Series continues at Cobscook Bay 10K

The TradeWinds MarketPlace/Sub 5 Track Club road racing series heads Down East on Saturday, June 2, for the 21st annual Cobscook Bay 10K and 5K in Pembroke.

Caleb Lander and Kristine Guaraldo, both of Brewer, lead the overall men’s and women’s point standings through the first three events of the year, with Adam Goode of Bangor and Katherine Collins of Winterport ranked second in their divisions.

The Cobscook Bay 10K, which benefits Down East Hospice, starts on Route 1 in Pembroke and finishes at Pembroke’s Reversing Falls Park on the western shore of Cobscook Bay.

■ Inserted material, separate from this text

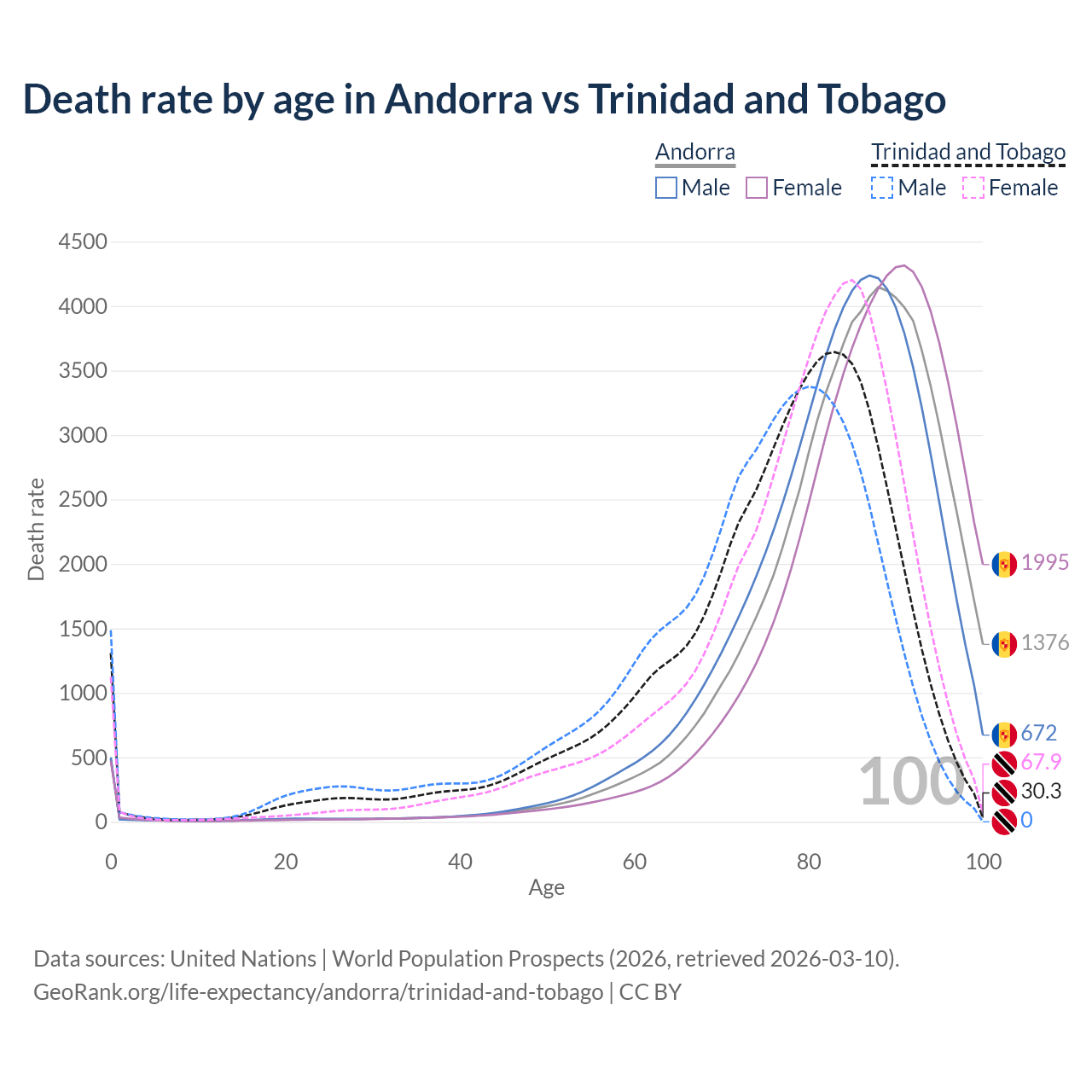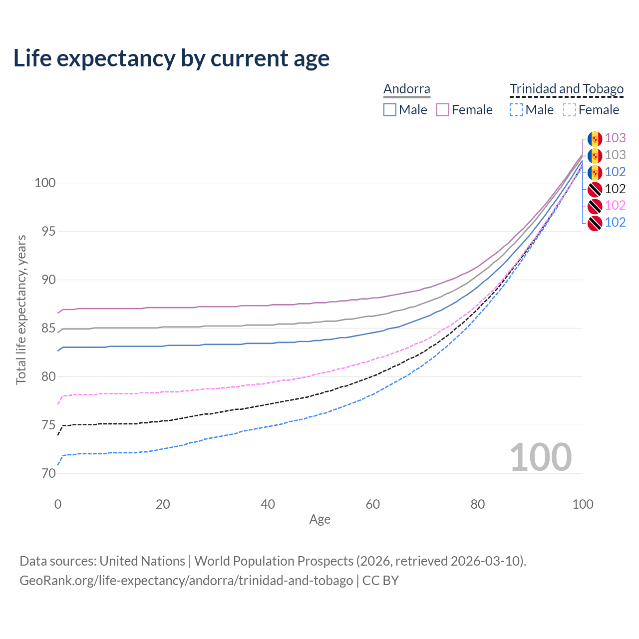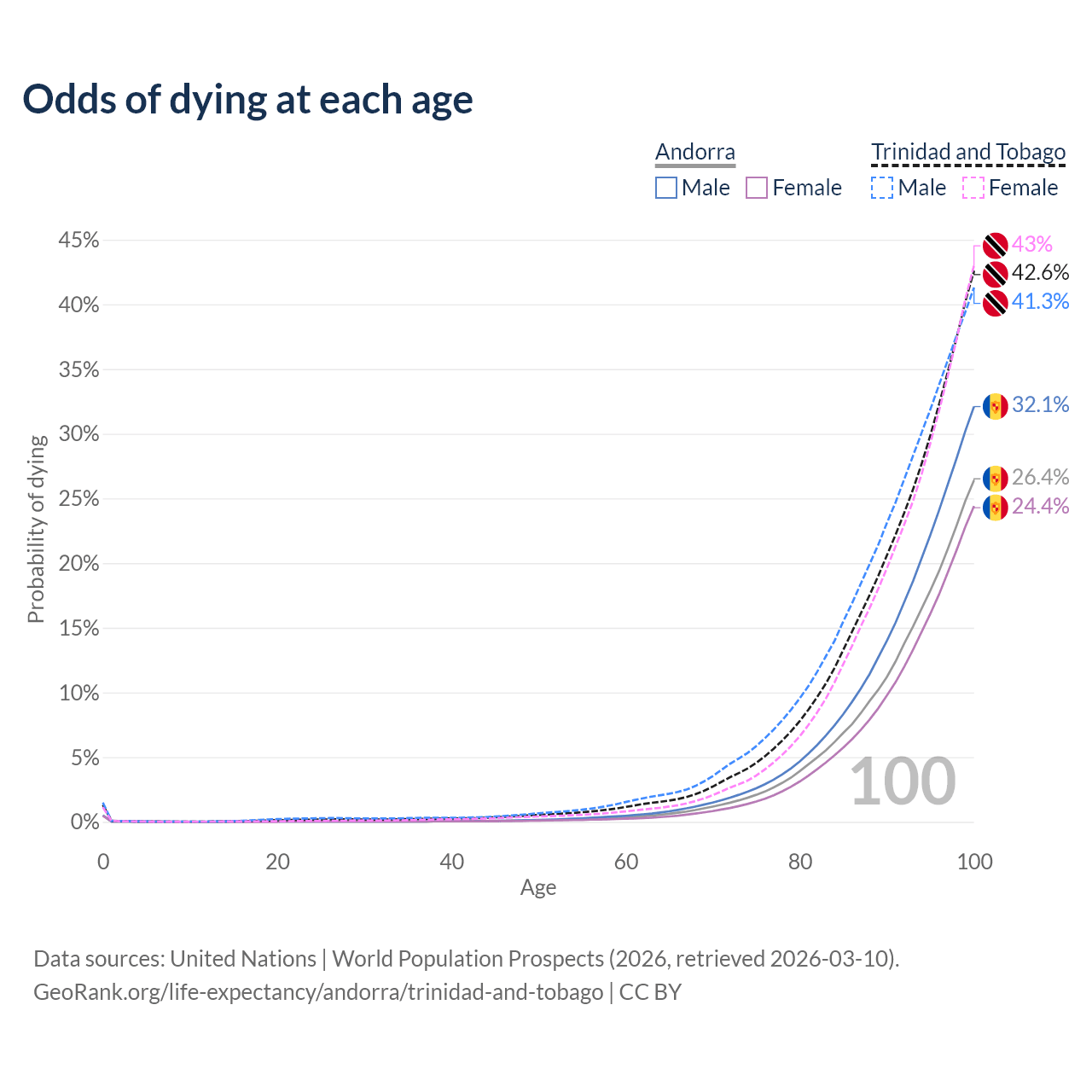 This life expectancy calculator shows the odds of living to 100, 95, 90, and below based on current age for both males and females in Andorra and Trinidad and Tobago, along with mean and median age of death. The calculations are based on the 2026 life tables (actuarial tables) from the UN World Population Prospects.

The men’s 10K course record is 33:04 set in 2008 by Bar Harbor’s Judson Cake, who last Sunday won the Sugarloaf 15K in Kingfield. Elizabeth Brunton of Birch Harbor set the women’s course standard of 39:17 in 2010.

The 2011 champions were Al Hanscom of Limestone (37:42) and Kristina Bisheimer of Bucksport (47:03).

Race day registration is at 8:30 a.m., followed by a kids’ run at 9:15 and the 10K and 5K at 10 a.m. For information, email jaretakis@hotmail.com.

Volunteers needed for Beach to Beacon

Organizers for the 15th anniversary TD Beach to Beacon 10K Road Race, to be held Aug. 4 in Cape Elizabeth, are in search of volunteer help for this year’s event.

New and returning volunteers are encouraged to sign up soon at www.beach2beacon.org/VOLUNTEER to have access to the widest selection of openings.

“There’s a sense of satisfaction that our volunteers feel in knowing that they play such a key role in making this race the prestigious, well-run event that it is, year after year,” said volunteer coordinator Maya Cohen of Cape Elizabeth. “We always need more volunteers and we’re always looking for new faces to get involved.”

Volunteers receive a commemorative T-shirt and are invited to a party in a coastal Cape Elizabeth locale organized exclusively for them.

The TD Beach to Beacon 10K needs more than 800 volunteers each year. In addition to parking and water stations, volunteers help organize and staff many aspects of the event, including registration for two days before the race, course set-up and break down, baggage assistance, recycling and in the medical tent.

The race also honors a longtime volunteer with a special annual award. The 2011 Volunteer of the Year award went to the Bermans of Cape Elizabeth — Jeff and Kerry and their children Ben, Jackson and Sam. “It’s committed volunteers like the Bermans who make this race what it is, and they have fun doing it,” added Cohen.

Runners under age 18 cannot register online and need to download an application from the website. Call 272-3545 or email bestn92@gmail.com with questions.

A race field of 6,000 is expected, including some of the best elite runners in the world as well as in Maine and New England. The 2011 race included runners from 12 countries and 43 U.S. states.